● **EXERCISE GOAL**: Retype nothing except the lines below from the one with "Coppia di sedie" through the one with "Wir verabschieden uns", exactly, with images left out.

● **PROVIDED INFORMATION**:
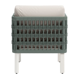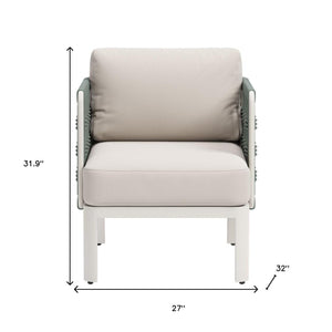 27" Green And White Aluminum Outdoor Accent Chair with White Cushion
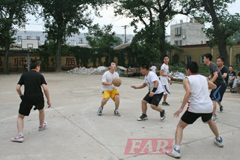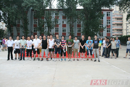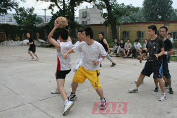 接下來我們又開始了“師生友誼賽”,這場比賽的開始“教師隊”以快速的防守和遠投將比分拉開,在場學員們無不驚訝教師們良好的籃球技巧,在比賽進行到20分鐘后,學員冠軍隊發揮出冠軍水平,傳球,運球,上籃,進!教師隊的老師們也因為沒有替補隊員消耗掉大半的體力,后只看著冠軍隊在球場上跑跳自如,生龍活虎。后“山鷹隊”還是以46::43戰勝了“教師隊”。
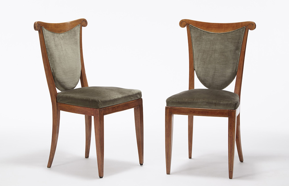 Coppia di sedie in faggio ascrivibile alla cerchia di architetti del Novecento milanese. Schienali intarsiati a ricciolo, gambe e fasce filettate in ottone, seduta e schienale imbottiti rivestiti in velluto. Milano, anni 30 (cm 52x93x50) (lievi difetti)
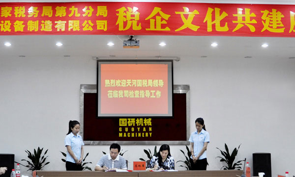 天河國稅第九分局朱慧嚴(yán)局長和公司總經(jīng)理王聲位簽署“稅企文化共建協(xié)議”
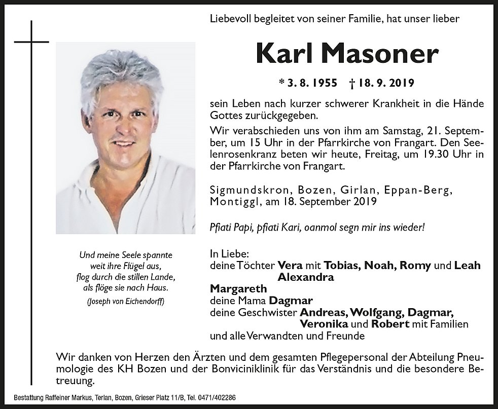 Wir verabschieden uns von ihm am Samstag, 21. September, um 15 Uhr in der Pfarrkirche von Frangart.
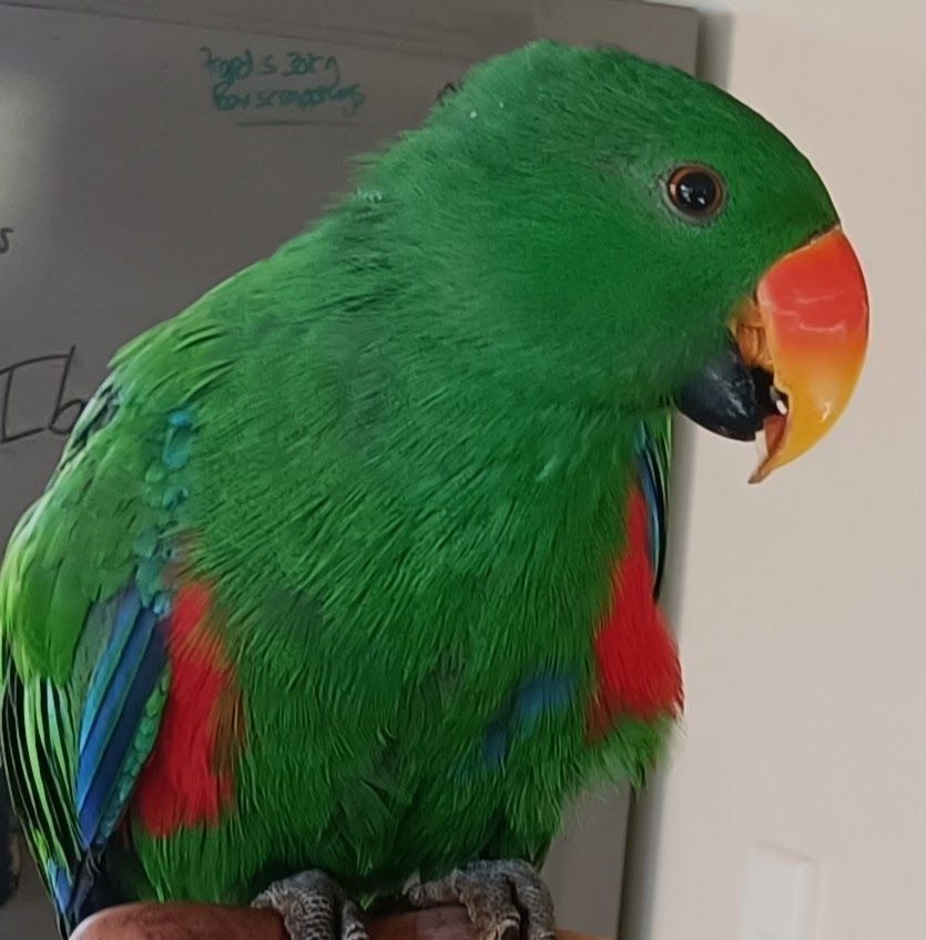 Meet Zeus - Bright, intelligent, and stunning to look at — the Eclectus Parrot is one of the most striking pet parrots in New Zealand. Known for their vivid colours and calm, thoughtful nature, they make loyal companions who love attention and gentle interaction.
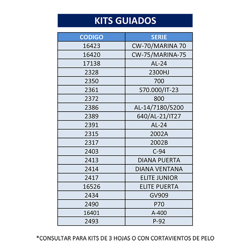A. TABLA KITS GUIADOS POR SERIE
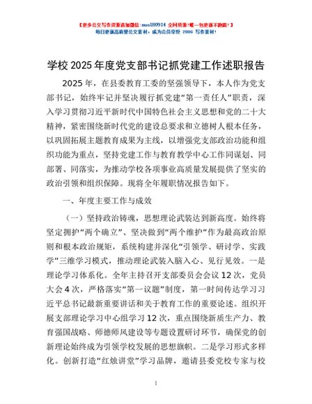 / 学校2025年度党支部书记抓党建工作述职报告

● **TASK OUTPUT**:
 Coppia di sedie in faggio ascrivibile alla cerchia di architetti del Novecento milanese. Schienali intarsiati a ricciolo, gambe e fasce filettate in ottone, seduta e schienale imbottiti rivestiti in velluto. Milano, anni 30 (cm 52x93x50) (lievi difetti)
 天河國稅第九分局朱慧嚴(yán)局長和公司總經(jīng)理王聲位簽署“稅企文化共建協(xié)議”
 Wir verabschieden uns von ihm am Samstag, 21. September, um 15 Uhr in der Pfarrkirche von Frangart.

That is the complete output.